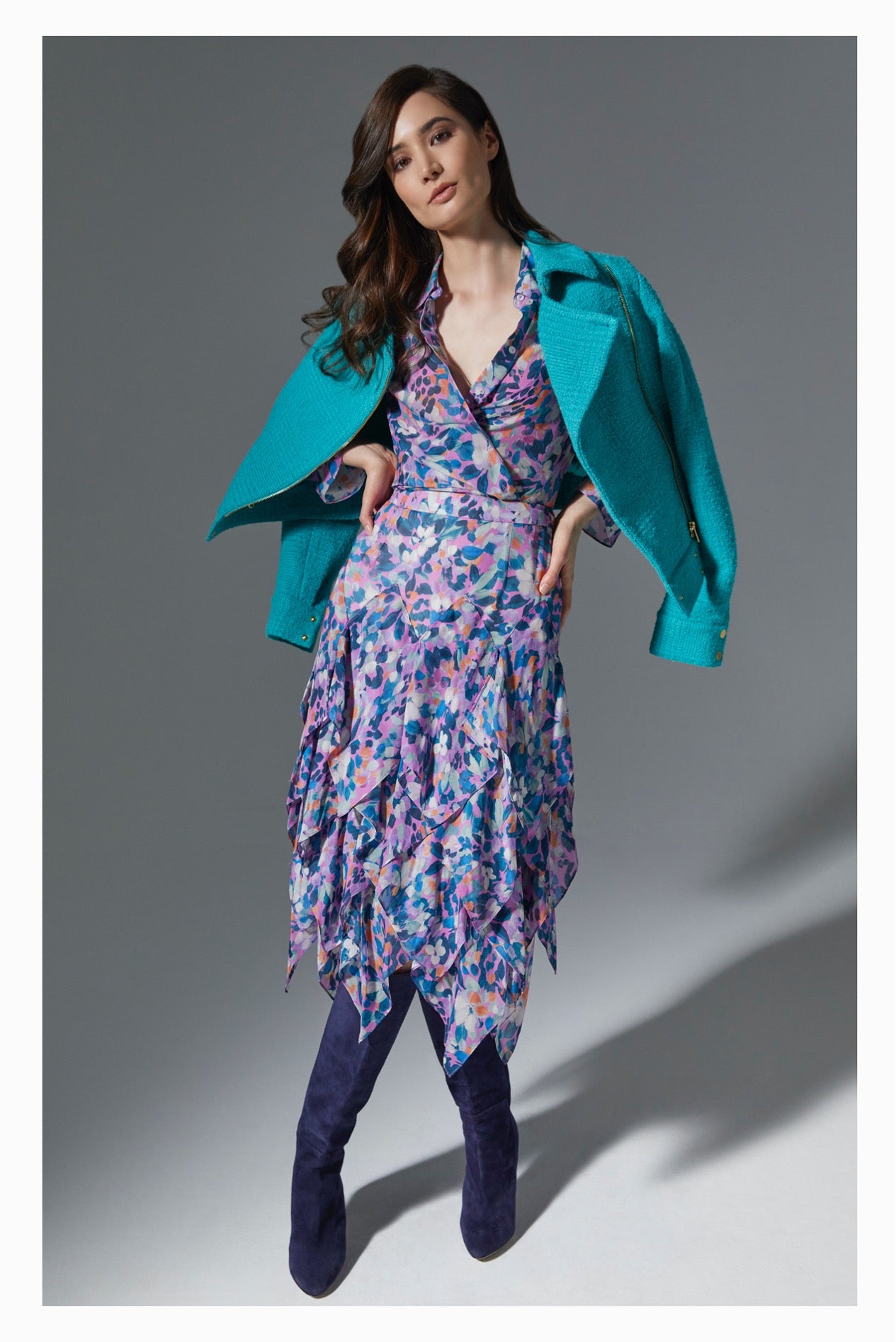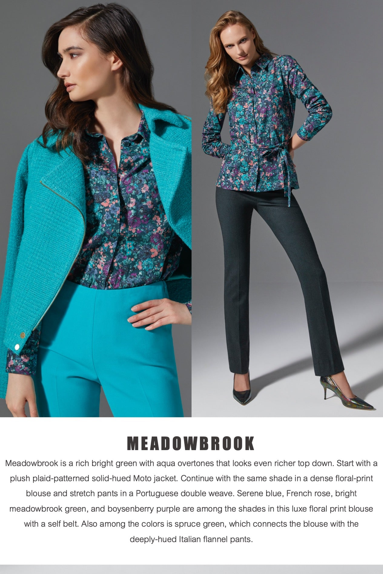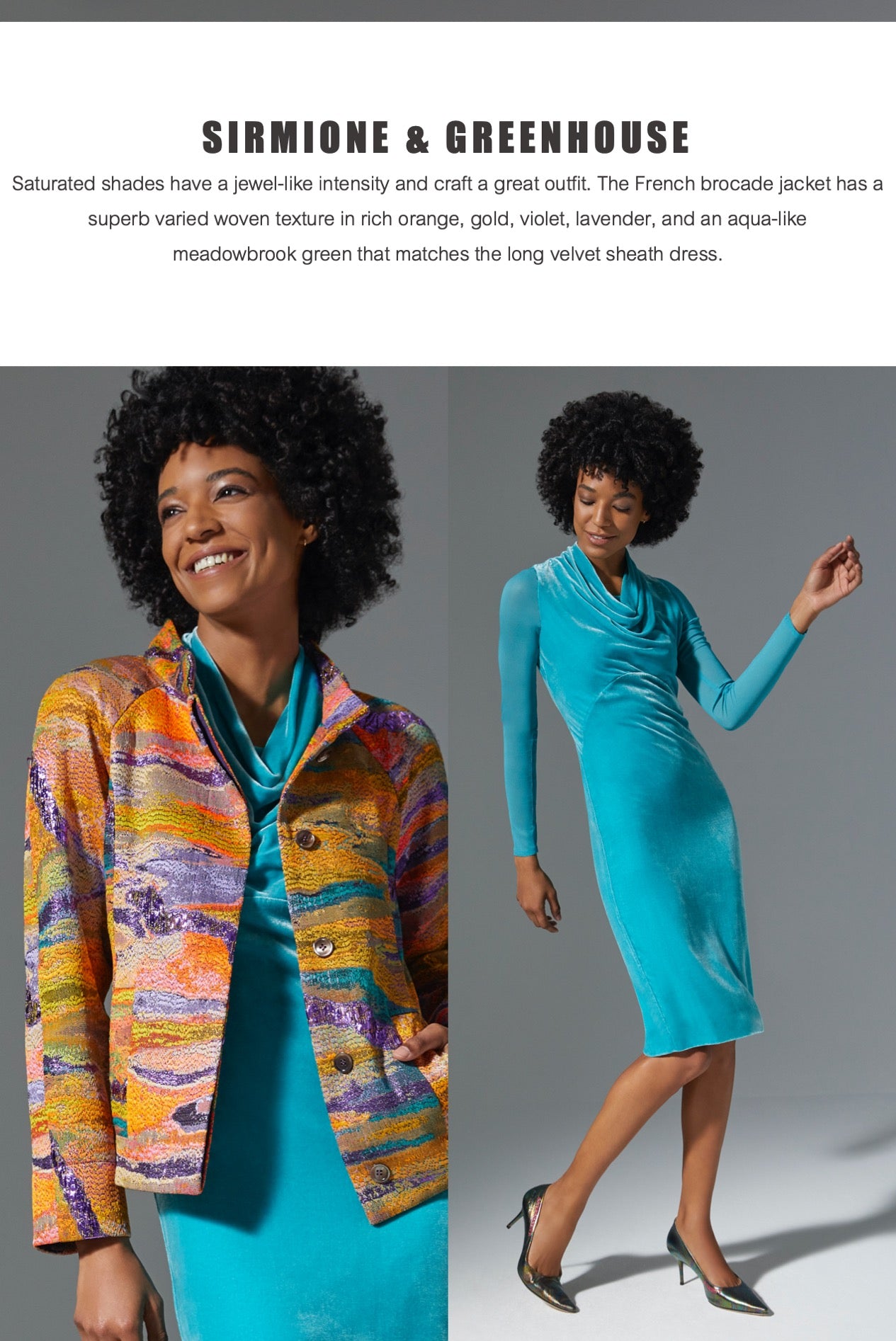 Welcome to the season of vivid color. Start with bright viola purple, appears throughout the collection in French brocade, Italian tweed, and Asian silk florals. Meadowbrook green has a confident posh overtone. Brassy gold, rust, and boysenberry purple complete a palette with brilliant panache.
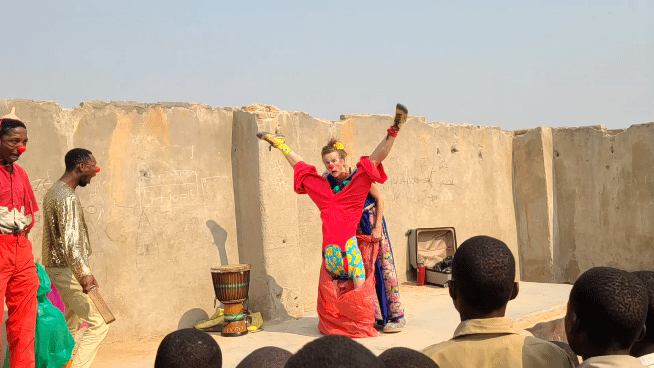 Traveled with Clowns Without Borders USA to Zimbabwe to bring laughter, play, and connection to communities impacted by displacement. Our team performed and led workshops for environmental refugees in and around Harare, as well as at Tongogara Refugee Camp—home to over 22,600 refugees and asylum-seekers.
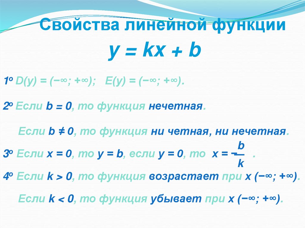 4о Если k > 0, то функция возрастает при х (−∞; +∞).
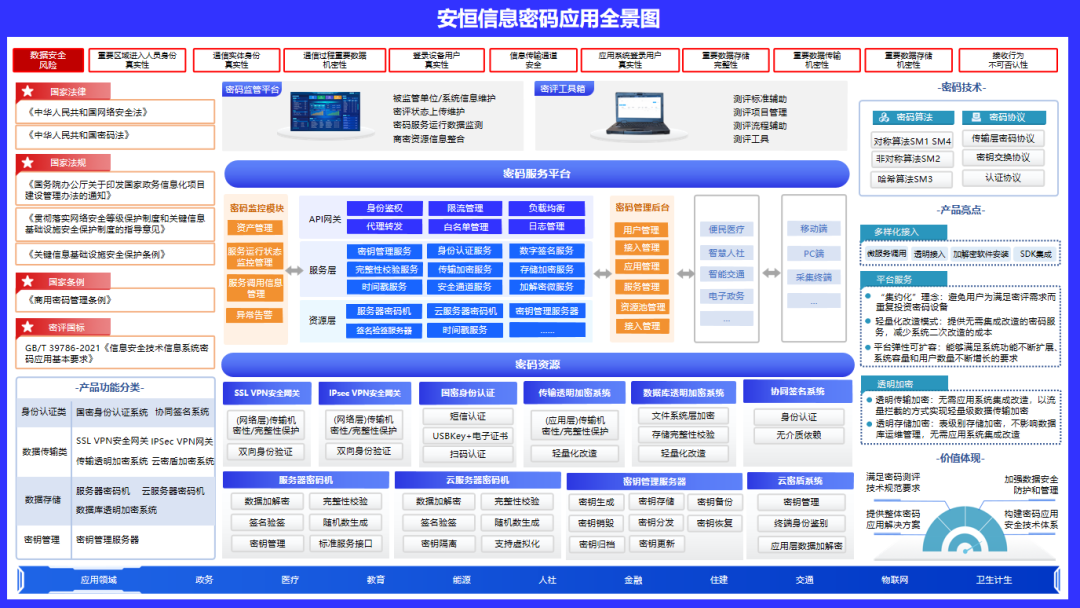 与此同时,安恒信息&弗兰科信息在结合行业业务发展中的安全密码需求,强调场景化应用,注重落地实践,自有的商用密码产品和服务在运营商、政府、医疗、教育、金融等20+行业领域全面推广落地。
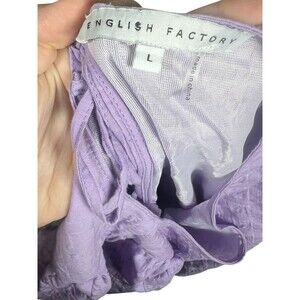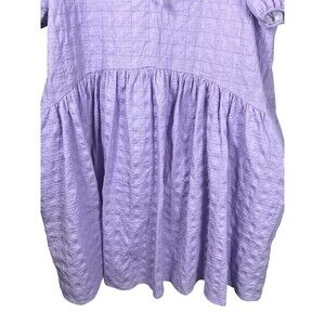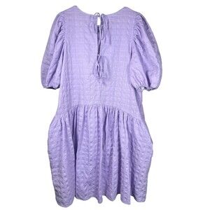 English Factory Lilac Textured Puff Sleeve Mini Dress L Tiered Back Tie Babydoll
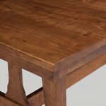 Step into a world of old-world charm and grand dining aesthetics with the Amish Handcrafted Solid Wood Jackson Trestle Dining Table. This striking table is a beautiful blend of the past and the present, pairing the enduring strength of traditional trestle construction with delicate, thoughtful design touches for a truly unique piece. The foundation of this table is its robust trestle base, a design with roots stretching back to the Middle Ages, showcasing tried-and-true stability. However, the Jackson table elevates this classic form with modern inclinations. Notice how the substantial base legs are gracefully flared at the bottom – this deliberate design choice adds a subtle elegance and serves to soften the bold lines inherent in trestle construction, creating a harmonious visual balance. It's a table that feels grounded and strong, yet possesses an inviting artistic quality. Rely on this custom-made dining table for everyday dinners, special occasions, or your favorite craft project. Its solid wood construction, expertly handcrafted by Amish artisans, ensures unwavering durability for generations. Shown here in Oak, a wood known for its strength and beautiful grain, this trestle dining room table is also available in premium hardwoods like brown maple, cherry, elm, hickory, and various rustic options, allowing you to choose the perfect character and finish to complement your home. Select your options online to design your new Amish dining room table exactly to your taste and needs. If you have any questions or would like assistance customizing your table or placing an order, we encourage you to contact us today. We're here to help you find the perfect solid wood piece that will become a cherished part of your home for years to come. Reach out by phone, email, chat, or visit one of our Amish furniture stores.See more products from this woodshop: Bay Ridge Collection
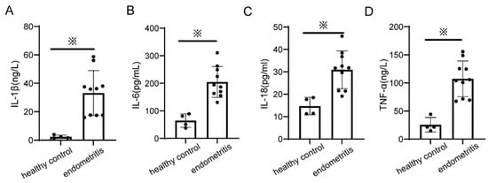 ELISA results from healthy control (n = 4) endometrial tissue and endometritis group (n = 10) endometrial tissue, showing levels of (A) IL-1β, (B) IL-6, (C) IL-18, and (D) TNF-α. Values are presented as mean ± SD. ※ p < 0.05. Black points represent individual data points.
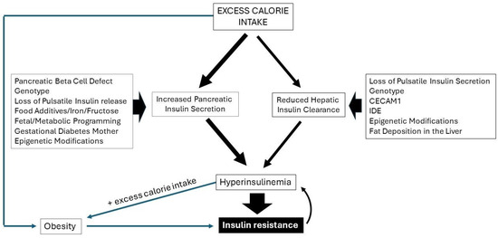 Factors involved in hyperinsulinemia and insulin resistance. Excess calorie intake may induce increased pancreatic insulin and/or a reduced hepatic insulin clearance. Hyperinsulinemia may be responsible for the development of insulin resistance and obesity. Obesity is also a consequence of excessive calorie intake. Obesity may further deteriorate insulin resistance, and this may further increase hyperinsulinemia. Pancreatic beta cell defects, certain genotypes, the loss of pulsatile insulin secretion, food additives, fructose, iron, gestational diabetes from the mother, epigenetic modifications and fat accumulation in the pancreas may play a pathogenetic role in increased pancreatic insulin secretion. The loss of pulsatile insulin secretion, certain genotypes (in particular CECAM1 and IDE), epigenetic modifications and fat accumulation in the liver may play a pathogenetic role in reduced hepatic insulin clearance.
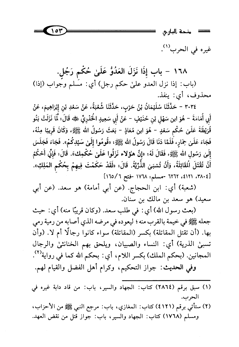 168 - بَابُ إِذَا نَزَلَ العَدُوُّ عَلَى حُكْمِ رَجُلٍ
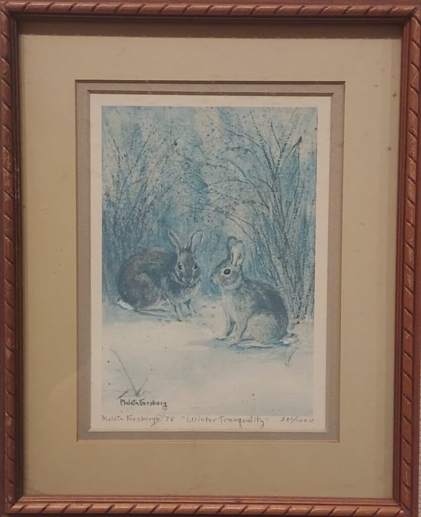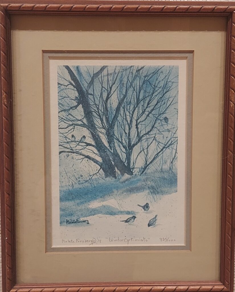 Winter Tranquility by Maleta Forsberg (1932-2025), 1978, color facsimile, completed in 281 out of 1000 editions, in good condition. Price: $20.

----

● **What is needed**
What is needed here is an exact copy of every record, with the pictures left out.

● **Solution to the exercise**
 Welcome to the season of vivid color. Start with bright viola purple, appears throughout the collection in French brocade, Italian tweed, and Asian silk florals. Meadowbrook green has a confident posh overtone. Brassy gold, rust, and boysenberry purple complete a palette with brilliant panache.
 Traveled with Clowns Without Borders USA to Zimbabwe to bring laughter, play, and connection to communities impacted by displacement. Our team performed and led workshops for environmental refugees in and around Harare, as well as at Tongogara Refugee Camp—home to over 22,600 refugees and asylum-seekers.
 4о Если k > 0, то функция возрастает при х (−∞; +∞).
 与此同时,安恒信息&弗兰科信息在结合行业业务发展中的安全密码需求,强调场景化应用,注重落地实践,自有的商用密码产品和服务在运营商、政府、医疗、教育、金融等20+行业领域全面推广落地。
 English Factory Lilac Textured Puff Sleeve Mini Dress L Tiered Back Tie Babydoll
 Step into a world of old-world charm and grand dining aesthetics with the Amish Handcrafted Solid Wood Jackson Trestle Dining Table. This striking table is a beautiful blend of the past and the present, pairing the enduring strength of traditional trestle construction with delicate, thoughtful design touches for a truly unique piece. The foundation of this table is its robust trestle base, a design with roots stretching back to the Middle Ages, showcasing tried-and-true stability. However, the Jackson table elevates this classic form with modern inclinations. Notice how the substantial base legs are gracefully flared at the bottom – this deliberate design choice adds a subtle elegance and serves to soften the bold lines inherent in trestle construction, creating a harmonious visual balance. It's a table that feels grounded and strong, yet possesses an inviting artistic quality. Rely on this custom-made dining table for everyday dinners, special occasions, or your favorite craft project. Its solid wood construction, expertly handcrafted by Amish artisans, ensures unwavering durability for generations. Shown here in Oak, a wood known for its strength and beautiful grain, this trestle dining room table is also available in premium hardwoods like brown maple, cherry, elm, hickory, and various rustic options, allowing you to choose the perfect character and finish to complement your home. Select your options online to design your new Amish dining room table exactly to your taste and needs. If you have any questions or would like assistance customizing your table or placing an order, we encourage you to contact us today. We're here to help you find the perfect solid wood piece that will become a cherished part of your home for years to come. Reach out by phone, email, chat, or visit one of our Amish furniture stores.See more products from this woodshop: Bay Ridge Collection
 ELISA results from healthy control (n = 4) endometrial tissue and endometritis group (n = 10) endometrial tissue, showing levels of (A) IL-1β, (B) IL-6, (C) IL-18, and (D) TNF-α. Values are presented as mean ± SD. ※ p < 0.05. Black points represent individual data points.
 Factors involved in hyperinsulinemia and insulin resistance. Excess calorie intake may induce increased pancreatic insulin and/or a reduced hepatic insulin clearance. Hyperinsulinemia may be responsible for the development of insulin resistance and obesity. Obesity is also a consequence of excessive calorie intake. Obesity may further deteriorate insulin resistance, and this may further increase hyperinsulinemia. Pancreatic beta cell defects, certain genotypes, the loss of pulsatile insulin secretion, food additives, fructose, iron, gestational diabetes from the mother, epigenetic modifications and fat accumulation in the pancreas may play a pathogenetic role in increased pancreatic insulin secretion. The loss of pulsatile insulin secretion, certain genotypes (in particular CECAM1 and IDE), epigenetic modifications and fat accumulation in the liver may play a pathogenetic role in reduced hepatic insulin clearance.
 168 - بَابُ إِذَا نَزَلَ العَدُوُّ عَلَى حُكْمِ رَجُلٍ
 Winter Tranquility by Maleta Forsberg (1932-2025), 1978, color facsimile, completed in 281 out of 1000 editions, in good condition. Price: $20.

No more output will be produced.